找到根节点是很简单的，前序遍历的第一个值 `preorder[0]` 就是根节点的值，关键在于如何通过根节点的值，将 `preorder` 和 `postorder` 数组划分成两半，构造根节点的左右子树？

换句话说，对于以下代码中的 `?` 部分应该填入什么：

```java
/* 主函数 */
TreeNode buildTree(int[] preorder, int[] inorder) {
    return build(preorder, 0, preorder.length - 1,
                 inorder, 0, inorder.length - 1);
}

/* 
   若前序遍历数组为 preorder[preStart..preEnd]，
   后序遍历数组为 postorder[postStart..postEnd]，
   构造二叉树，返回该二叉树的根节点 
*/
TreeNode build(int[] preorder, int preStart, int preEnd, 
               int[] inorder, int inStart, int inEnd) {
    // root 节点对应的值就是前序遍历数组的第一个元素
    int rootVal = preorder[preStart];
    // rootVal 在中序遍历数组中的索引
    int index = 0;
    for (int i = inStart; i <= inEnd; i++) {
        if (inorder[i] == rootVal) {
            index = i;
            break;
        }
    }

    TreeNode root = new TreeNode(rootVal);
    // 递归构造左右子树
    root.left = build(preorder, ?, ?,
                      inorder, ?, ?);

    root.right = build(preorder, ?, ?,
                       inorder, ?, ?);
    return root;
}
```

对于代码中的 `rootVal` 和 `index` 变量，就是下图这种情况：

[![](https://labuladong.github.io/algo/images/%e4%ba%8c%e5%8f%89%e6%a0%91%e7%b3%bb%e5%88%972/2.jpeg)](https://labuladong.github.io/algo/images/%e4%ba%8c%e5%8f%89%e6%a0%91%e7%b3%bb%e5%88%972/2.jpeg)

现在我们来看图做填空题，下面这几个问号处应该填什么：

```java
root.left = build(preorder, ?, ?,
                  inorder, ?, ?);

root.right = build(preorder, ?, ?,
                   inorder, ?, ?);
```

对于左右子树对应的 `inorder` 数组的起始索引和终止索引比较容易确定：

[![](https://labuladong.github.io/algo/images/%e4%ba%8c%e5%8f%89%e6%a0%91%e7%b3%bb%e5%88%972/3.jpeg)](https://labuladong.github.io/algo/images/%e4%ba%8c%e5%8f%89%e6%a0%91%e7%b3%bb%e5%88%972/3.jpeg)

```java
root.left = build(preorder, ?, ?,
                  inorder, inStart, index - 1);

root.right = build(preorder, ?, ?,
                   inorder, index + 1, inEnd);
```

对于 `preorder` 数组呢？

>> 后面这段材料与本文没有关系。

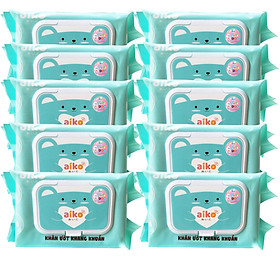✨Combo 10 Gói Khăn Ướt Aiko Kháng Khuẩn 100 tờ/Gói không hương màu Xanh

如何确定左右数组对应的起始索引和终止索引？

这个可以通过左子树的节点数推导出来，假设左子树的节点数为 `leftSize`，那么 `preorder` 数组上的索引情况是这样的：

[![](https://labuladong.github.io/algo/images/%e4%ba%8c%e5%8f%89%e6%a0%91%e7%b3%bb%e5%88%972/4.jpeg)](https://labuladong.github.io/algo/images/%e4%ba%8c%e5%8f%89%e6%a0%91%e7%b3%bb%e5%88%972/4.jpeg)

看着这个图就可以把 `preorder` 对应的索引写进去了：

```java
int leftSize = index - inStart;

root.left = build(preorder, preStart + 1, preStart + leftSize,
                  inorder, inStart, index - 1);

root.right = build(preorder, preStart + leftSize + 1, preEnd,
                   inorder, index + 1, inEnd);
```

至此，整个算法思路就完成了，我们再补一补 base case 即可写出解法代码：

```java
TreeNode build(int[] preorder, int preStart, int preEnd, 
               int[] inorder, int inStart, int inEnd) {
        
    if (preStart > preEnd) {
        return null;
    }

    // root 节点对应的值就是前序遍历数组的第一个元素
    int rootVal = preorder[preStart];
    // rootVal 在中序遍历数组中的索引
    int index = 0;
    for (int i = inStart; i <= inEnd; i++) {
        if (inorder[i] == rootVal) {
            index = i;
            break;
        }
    }

    int leftSize = index - inStart;

    // 先构造出当前根节点
    TreeNode root = new TreeNode(rootVal);
    // 递归构造左右子树
    root.left = build(preorder, preStart + 1, preStart + leftSize,
                      inorder, inStart, index - 1);

    root.right = build(preorder, preStart + leftSize + 1, preEnd,
                       inorder, index + 1, inEnd);
    return root;
}
```

我们的主函数只要调用 `build` 函数即可，你看着函数这么多参数，解法这么多代码，似乎比我们上面讲的那道题难很多，让人望而生畏，实际上呢，这些参数无非就是控制数组起止位置的，画个图就能解决了。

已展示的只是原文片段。